Entonces oí unos golpes en la ventana delantera del salón. El ruido de su gruesa alianza de platino contra el cristal. Una vez le pregunté por qué seguía llevándola después del divorcio. «Me recuerda que no debo volver a casarme», respondió.

Solo cuando oí su voz —un susurro escandaloso— me di cuenta de que había conseguido abrir la ventana.

—Helen —susurró—. Helen, ¿me oyes?

«¡Puta!», pensé en solidaridad con mi madre. ¿Qué derecho tenía a levantar el cierre?

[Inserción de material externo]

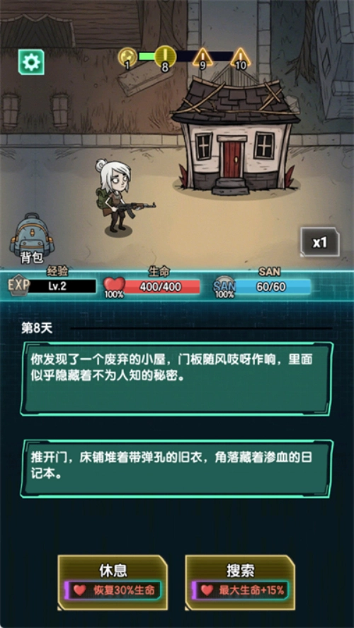3. 遇到未知房间可以进行搜索或者休息。
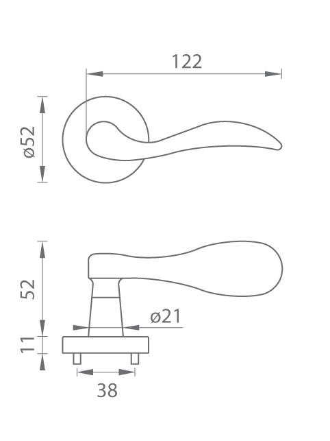 Rozetová klika na interiérové ​​dveře s kulatou rozetou je vyrobena z materiálů vysoké kvality - mosaz a je povrchově upravena. Rozeta má průměr 52 mm a standardní tloušťku 11 mm.
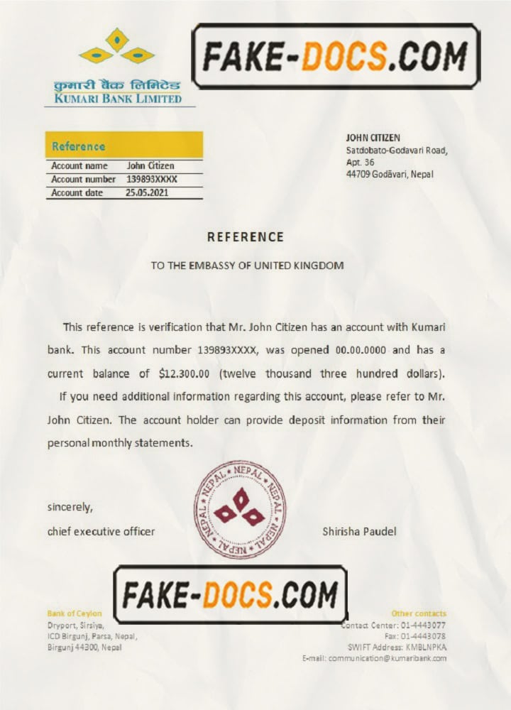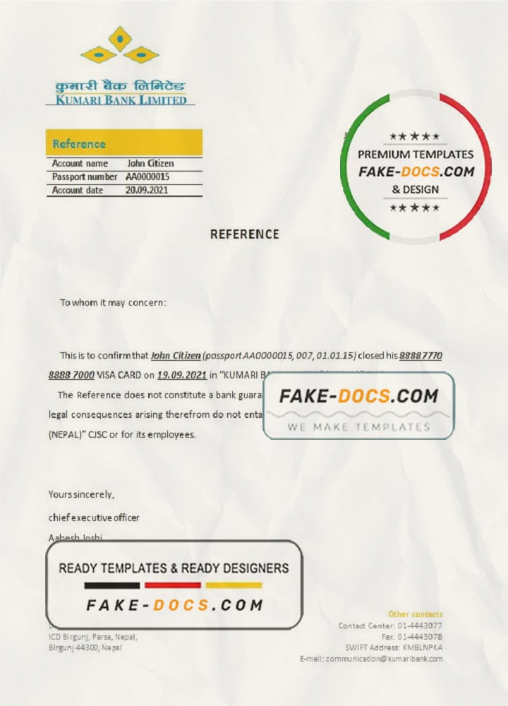 Nepal Kumari Bank bank reference letter template in Word and PDF format

—Sé que estás ahí. Estoy viendo tu coche.

«Está hecha una auténtica Sherlock», pensé.

Pero entonces oí que cerraba la ventana y todos mis músculos se relajaron. Segundos más tarde me llegó el ruido de sus pasos, cada vez más lejanos. Miré las piernas y los pies de mi madre.

— ¿Qué precio tuviste que pagar? —pregunté. No me refería a sus pertenencias, sino a la intimidad, que siempre había sido tan importante para ella. Y que había vendido a cambio de la visita diaria de la señora Castle.

Sabía que la señora Castle regresaría por la mañana. Lo tenía tan claro como que sus susurros se habían agarrado a mis tobillos como cuerdas.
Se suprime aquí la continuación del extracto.